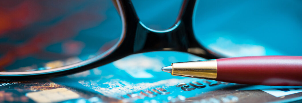 pen and glasses on credit card
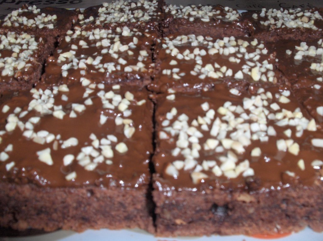 Intre timp se topeste ciocolata ruptã bucãti, impreunã cu putin ulei sau unt.Se intinde imediat peste prãjiturã.Deasupra am pus alune tocate apoi am tãiat cubulete.
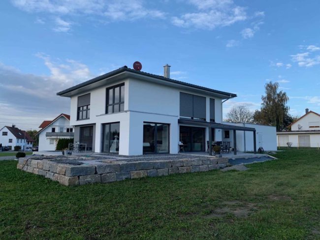 Villa in Grafenau Hier entstand ein Architektenhaus in den Hang hinein gebaut. Besonderheiten hier, ist es, dass die Nordseite die Hangseite ist, auf der sich alle Nebenräume befinden. Nach Süden orientiert sich das komplette Wohnen mit Blick in die Weinberge. Hier wurden alle EnEV Richtlinien nach dem heutigen Stand der Technik umgesetzt.
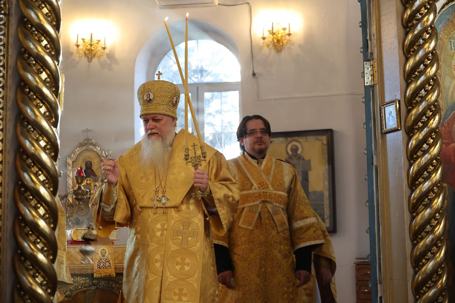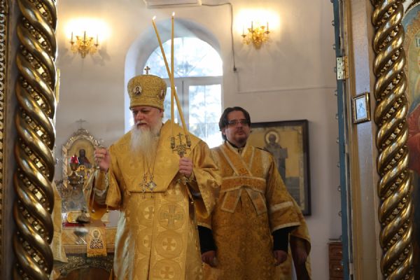Архипастырю сослужили клирики собора иерей Николай Аникин, иеромонах Александр (Чеборов), диакон Иоанн Захаров, диакон Александр Викторов и иеродиакон Питирим (Мосякин). Песнопения исполнял народный хор под управлением Евгения Чигарова.
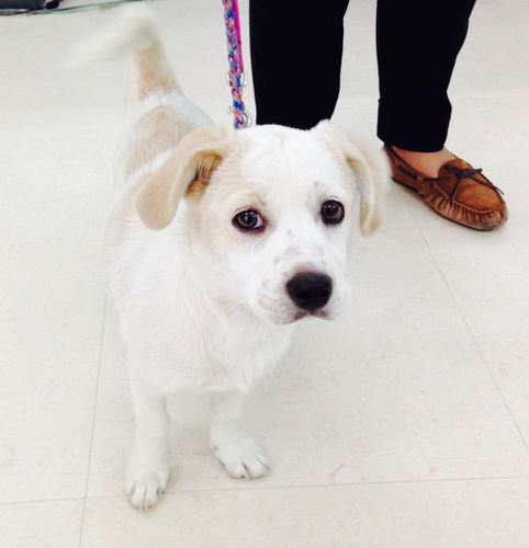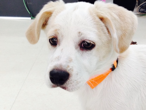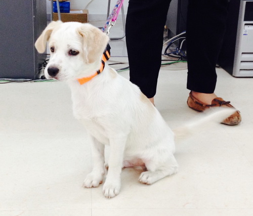 Background: I was abandoned in Wangjing and found my way to the front door of ICVS. I saw all these other dogs going in and out of ICVS on their daily walks and thought it was a fun place for dogs and would be a cool place to hang out. So I scratched at the glass door until they let me in. My family at ICVS has taken me in and cared for me as one of their own. I have my own private quarantine room and am enjoying yummy Royal Canin puppy food. I am a smart little puppy and will be your loving life-long companion if you would like to adopt me.
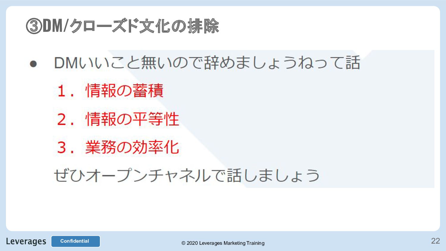© 2020 Leverages Marketing Training Confidential ③DM/クローズド文化の排除 22
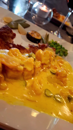 On a dĂ©marrĂ© par une papillote de moules au lĂ©gumes en sauce crĂ©meuse « thaï » juste succulentes. Les bĂątonnets de lĂ©gumes Ă©taient encore croquants et pleins de saveurs. Ensuite une belle escalope de foie gras poĂȘlĂ© et ses pommes lĂ©gĂšrement caramĂ©lisĂ©es. Du bar, dâune cuisson juste parfaite avec la peau bien croustillante et deux belles langoustines fondants en bouche. Une petite asperge et une petite sauce : il ne fallait rien de plus dans lâassiette. En plat un solendide pigeon royal de Racan et un beau ris de veau avec un festival de lĂ©gumes. Pour terminer une magnifique crĂšme flambĂ©e au Grand Marnier.
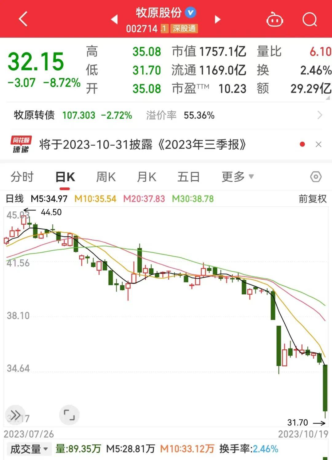 跌幅最大的是牧原股份,该公司为猪肉养殖龙头,今日盘中触及跌停板,收盘跌幅8.72%,最新A股市值跌破1800亿元。今年上半年,该公司净利润亏损27.79亿元。公司发布的9月份生猪销售简报显示,2023年9月份,公司销售生猪537.3万头,销售收入98.7亿元。2023年9月份,公司商品猪价格相比2023年8月份有所下降,商品猪销售均价15.82元/公斤,比2023年8月份下降3.24%。
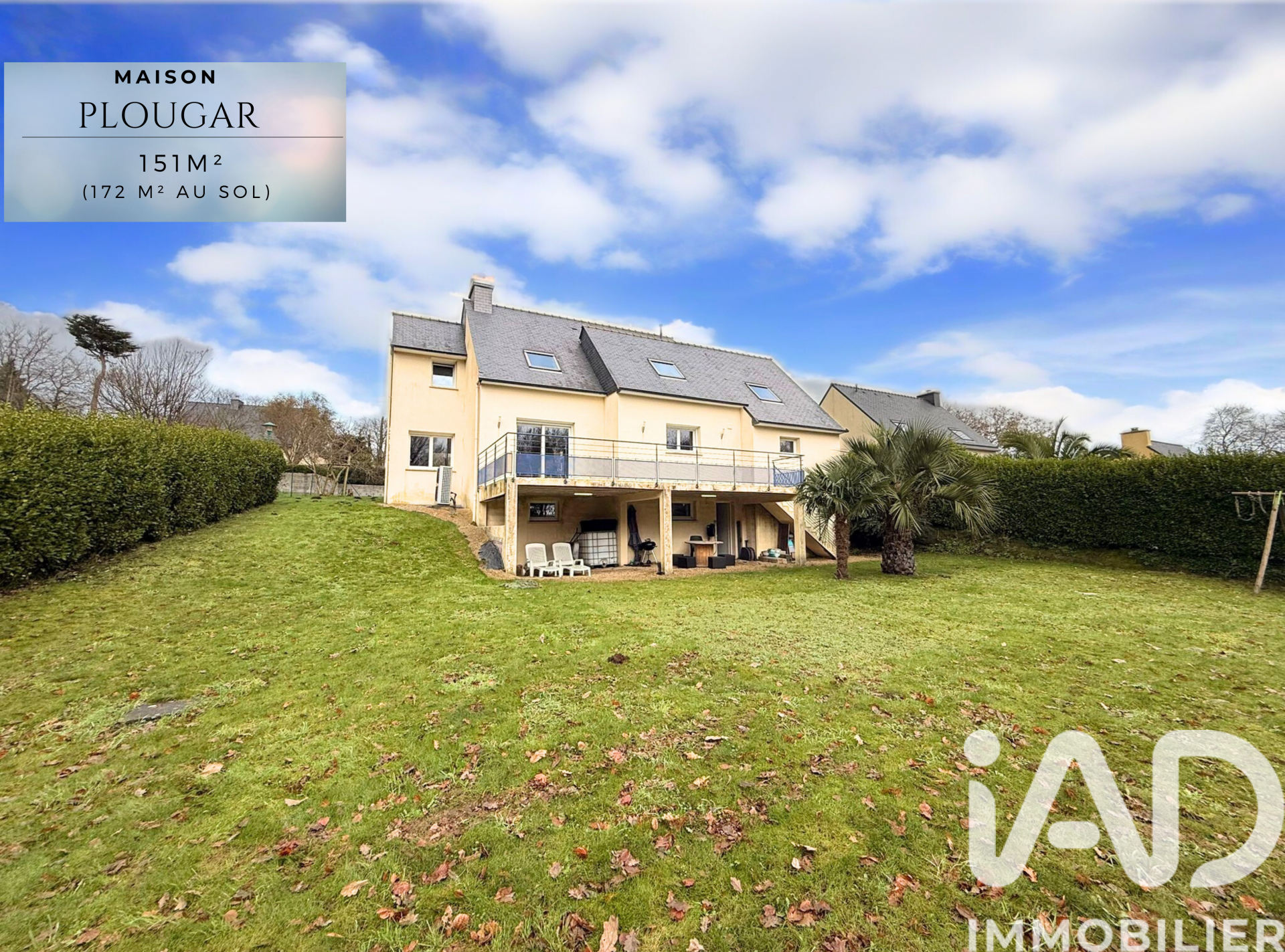 Iad France - Marta Person vous propose : Maison familiale contemporaine – 5 chambres– VIE DE PLAIN PIED-GARAGE-SOUS-SOL TOTAL A visiter sans tarder ! Nichée au cOEur d’une impasse boisée, cette maison offre un cadre de vie paisible et naturel, tout en restant proche des commodités. Avec ses 151 m² habitables (171 m² utiles ), elle séduit par ses volumes généreux, sa luminosité et son environnement privilégié. Le terrain de 1 400 m² s’ouvre sur un paysage verdoyant, avec des chemins de randonnée en contrebas, parfaits pour les amoureux de la nature. Dès l’entrée, la maison dévoile une belle pièce de vie composée d’un salon et d’une salle à manger lumineux. La salle à manger est ouverte directement sur une terrasse sur pilotis de 30 m², offrant une superbe vue dégagée sur la verdure et les arbres, sans vis-à-vis, idéale pour profiter du calme et des beaux jours. La cuisine ouverte, aménagée et équipée s’intègre parfaitement à l’espace de vie et dispose d’un accès direct au garage, apportant un réel confort au quotidien. Le rez-de-chaussée comprend également une chambre spacieuse avec placard, une salle d’eau avec douche à l’italienne ainsi qu’un WC séparé. À l’étage, une mezzanine ouverte offre un espace polyvalent pouvant servir de bureau ou de coin détente. Les QUATRE chambres, toutes équipées de placards intégrés et mesurant entre 10 et 13 m², permettent d’accueillir confortablement toute la famille. Une grande salle de bains ainsi qu’un WC séparé complètent cet espace nuit. Le jardin est un véritable lieu de vie, pensé pour petits et grands, avec une cabane de jardin pour les enfants, un espace de grillades et de vastes espaces verts propices à la détente, le tout dans un environnement calme et naturel. Points forts & confort : Pompe à chaleur air / eau avec plancher chauffant Volets roulants électriques Possibilité d’installer un poêle à bois ou à granulés Garage avec porte motorisé Borne de recharge pour véhicule électrique Sous-sol de 73 m² avec aspirateur centralisé La commune de Plougar offre un cadre de vie recherché, alliant tranquillité, nature et proximité des commodités. Idéale pour les familles, elle séduit par son environnement verdoyant, ses infrastructures de proximité et son accès facilité aux axes routiers. Une maison rare, idéale pour les amoureux de la nature et du calme, à découvrir sans tarder. Honoraires d'agence à la charge du vendeur. Information d'affichage énergétique sur ce bien : classe ENERGIE C indice 117 et classe CLIMAT A indice 3. Les informations sur les risques auxquels ce bien est exposé, y compris l'obligation légale de débroussaillement, sont disponibles sur le site Géorisques : http://www.georisques.gouv.fr. La présente annonce immobilière a été rédigée sous la responsabilité éditoriale de Mme Marta Person mandataire indépendant en immobilier (sans détention de fonds), agent commercial de la SAS I@D France immatriculé au RSAC de Brest sous le numéro 904767589, titulaire de la carte de démarchage immobilier pour le compte de la société I@D France SAS.
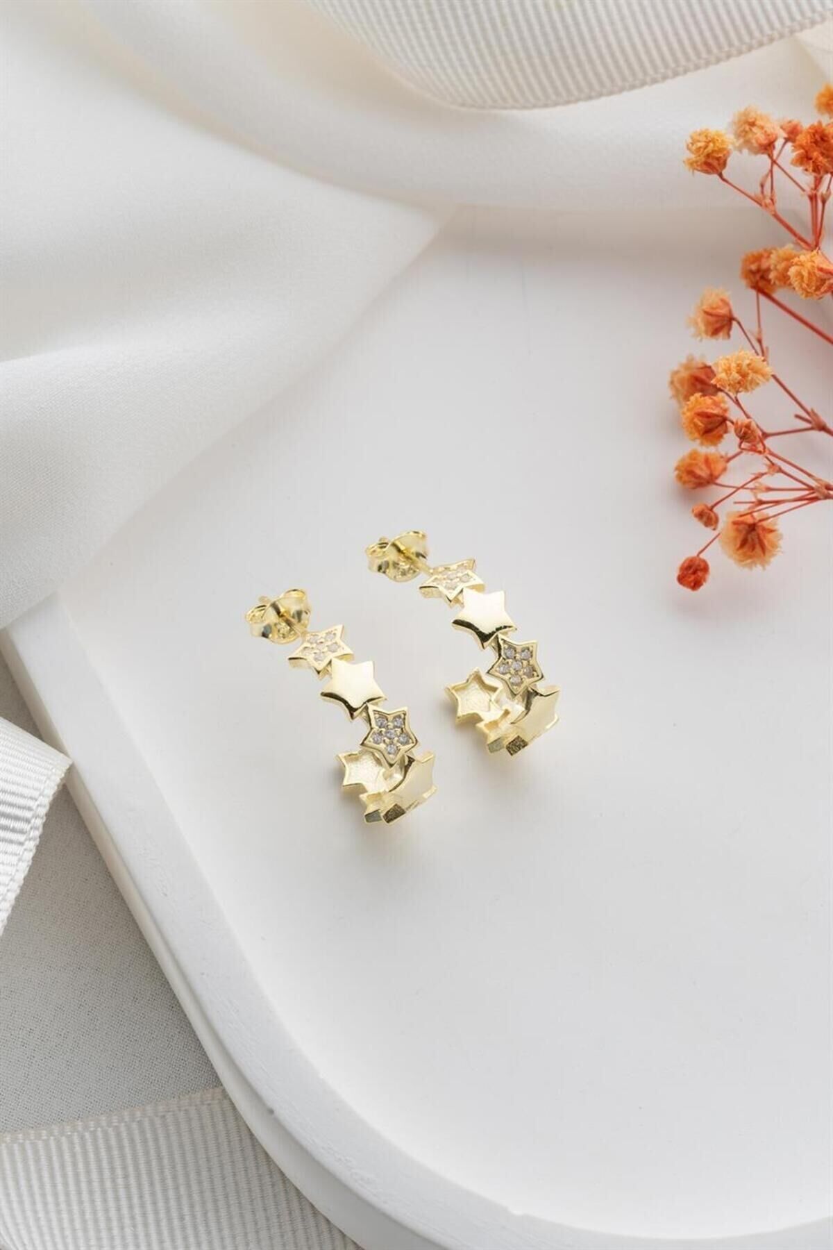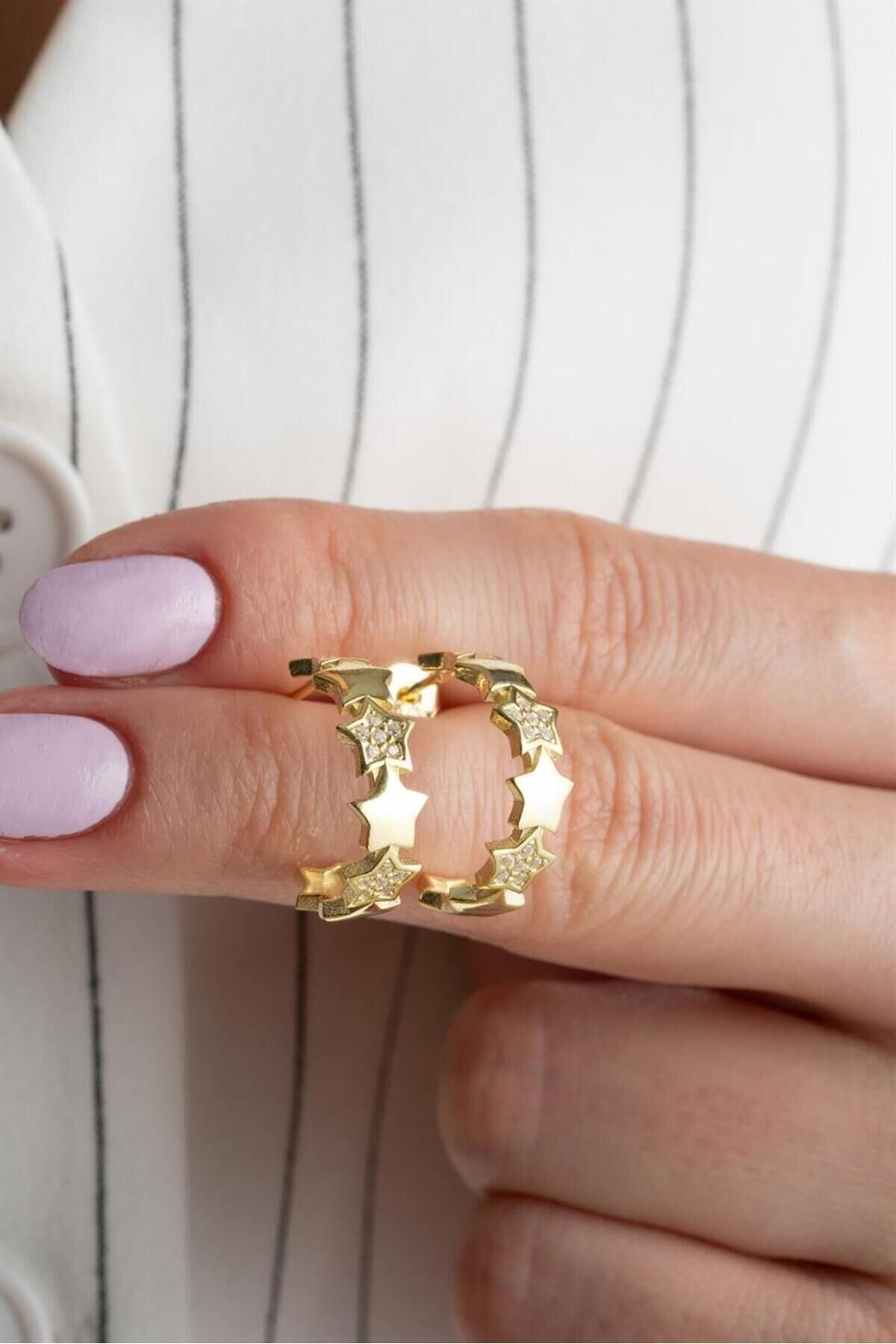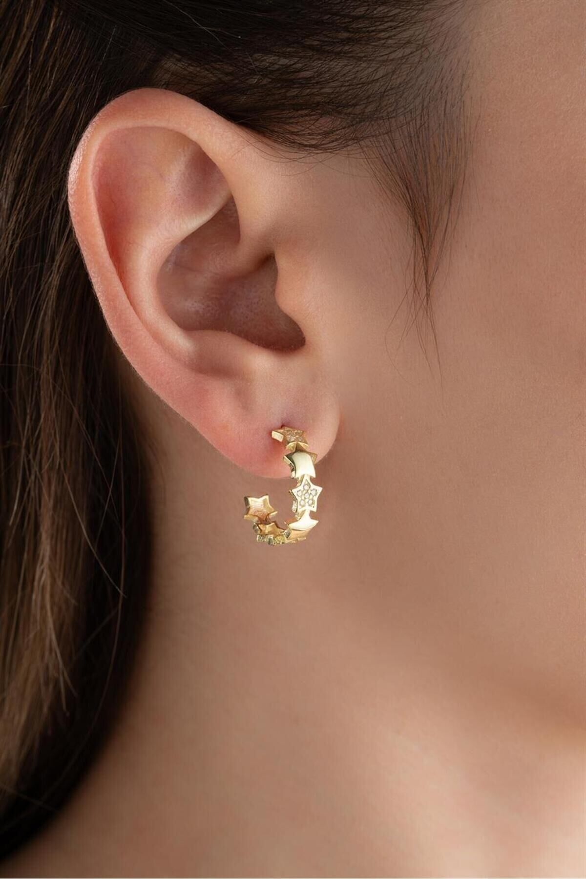 925 Ayar Gold Yıldızlı Halka Gümüş Küpe

━━━━━━━━━━━━━━━━━━━━━━━━━━━━━━

• [Task brief]: Output nothing except an exact copy of the records above, with the images left out.

• [Result of this task]:
 pen and glasses on credit card
 Intre timp se topeste ciocolata ruptã bucãti, impreunã cu putin ulei sau unt.Se intinde imediat peste prãjiturã.Deasupra am pus alune tocate apoi am tãiat cubulete.
 Villa in Grafenau Hier entstand ein Architektenhaus in den Hang hinein gebaut. Besonderheiten hier, ist es, dass die Nordseite die Hangseite ist, auf der sich alle Nebenräume befinden. Nach Süden orientiert sich das komplette Wohnen mit Blick in die Weinberge. Hier wurden alle EnEV Richtlinien nach dem heutigen Stand der Technik umgesetzt.
Архипастырю сослужили клирики собора иерей Николай Аникин, иеромонах Александр (Чеборов), диакон Иоанн Захаров, диакон Александр Викторов и иеродиакон Питирим (Мосякин). Песнопения исполнял народный хор под управлением Евгения Чигарова.
 Background: I was abandoned in Wangjing and found my way to the front door of ICVS. I saw all these other dogs going in and out of ICVS on their daily walks and thought it was a fun place for dogs and would be a cool place to hang out. So I scratched at the glass door until they let me in. My family at ICVS has taken me in and cared for me as one of their own. I have my own private quarantine room and am enjoying yummy Royal Canin puppy food. I am a smart little puppy and will be your loving life-long companion if you would like to adopt me.
© 2020 Leverages Marketing Training Confidential ③DM/クローズド文化の排除 22
 On a dĂ©marrĂ© par une papillote de moules au lĂ©gumes en sauce crĂ©meuse « thaï » juste succulentes. Les bĂątonnets de lĂ©gumes Ă©taient encore croquants et pleins de saveurs. Ensuite une belle escalope de foie gras poĂȘlĂ© et ses pommes lĂ©gĂšrement caramĂ©lisĂ©es. Du bar, dâune cuisson juste parfaite avec la peau bien croustillante et deux belles langoustines fondants en bouche. Une petite asperge et une petite sauce : il ne fallait rien de plus dans lâassiette. En plat un solendide pigeon royal de Racan et un beau ris de veau avec un festival de lĂ©gumes. Pour terminer une magnifique crĂšme flambĂ©e au Grand Marnier.
 跌幅最大的是牧原股份,该公司为猪肉养殖龙头,今日盘中触及跌停板,收盘跌幅8.72%,最新A股市值跌破1800亿元。今年上半年,该公司净利润亏损27.79亿元。公司发布的9月份生猪销售简报显示,2023年9月份,公司销售生猪537.3万头,销售收入98.7亿元。2023年9月份,公司商品猪价格相比2023年8月份有所下降,商品猪销售均价15.82元/公斤,比2023年8月份下降3.24%。
 Iad France - Marta Person vous propose : Maison familiale contemporaine – 5 chambres– VIE DE PLAIN PIED-GARAGE-SOUS-SOL TOTAL A visiter sans tarder ! Nichée au cOEur d’une impasse boisée, cette maison offre un cadre de vie paisible et naturel, tout en restant proche des commodités. Avec ses 151 m² habitables (171 m² utiles ), elle séduit par ses volumes généreux, sa luminosité et son environnement privilégié. Le terrain de 1 400 m² s’ouvre sur un paysage verdoyant, avec des chemins de randonnée en contrebas, parfaits pour les amoureux de la nature. Dès l’entrée, la maison dévoile une belle pièce de vie composée d’un salon et d’une salle à manger lumineux. La salle à manger est ouverte directement sur une terrasse sur pilotis de 30 m², offrant une superbe vue dégagée sur la verdure et les arbres, sans vis-à-vis, idéale pour profiter du calme et des beaux jours. La cuisine ouverte, aménagée et équipée s’intègre parfaitement à l’espace de vie et dispose d’un accès direct au garage, apportant un réel confort au quotidien. Le rez-de-chaussée comprend également une chambre spacieuse avec placard, une salle d’eau avec douche à l’italienne ainsi qu’un WC séparé. À l’étage, une mezzanine ouverte offre un espace polyvalent pouvant servir de bureau ou de coin détente. Les QUATRE chambres, toutes équipées de placards intégrés et mesurant entre 10 et 13 m², permettent d’accueillir confortablement toute la famille. Une grande salle de bains ainsi qu’un WC séparé complètent cet espace nuit. Le jardin est un véritable lieu de vie, pensé pour petits et grands, avec une cabane de jardin pour les enfants, un espace de grillades et de vastes espaces verts propices à la détente, le tout dans un environnement calme et naturel. Points forts & confort : Pompe à chaleur air / eau avec plancher chauffant Volets roulants électriques Possibilité d’installer un poêle à bois ou à granulés Garage avec porte motorisé Borne de recharge pour véhicule électrique Sous-sol de 73 m² avec aspirateur centralisé La commune de Plougar offre un cadre de vie recherché, alliant tranquillité, nature et proximité des commodités. Idéale pour les familles, elle séduit par son environnement verdoyant, ses infrastructures de proximité et son accès facilité aux axes routiers. Une maison rare, idéale pour les amoureux de la nature et du calme, à découvrir sans tarder. Honoraires d'agence à la charge du vendeur. Information d'affichage énergétique sur ce bien : classe ENERGIE C indice 117 et classe CLIMAT A indice 3. Les informations sur les risques auxquels ce bien est exposé, y compris l'obligation légale de débroussaillement, sont disponibles sur le site Géorisques : http://www.georisques.gouv.fr. La présente annonce immobilière a été rédigée sous la responsabilité éditoriale de Mme Marta Person mandataire indépendant en immobilier (sans détention de fonds), agent commercial de la SAS I@D France immatriculé au RSAC de Brest sous le numéro 904767589, titulaire de la carte de démarchage immobilier pour le compte de la société I@D France SAS.
 925 Ayar Gold Yıldızlı Halka Gümüş Küpe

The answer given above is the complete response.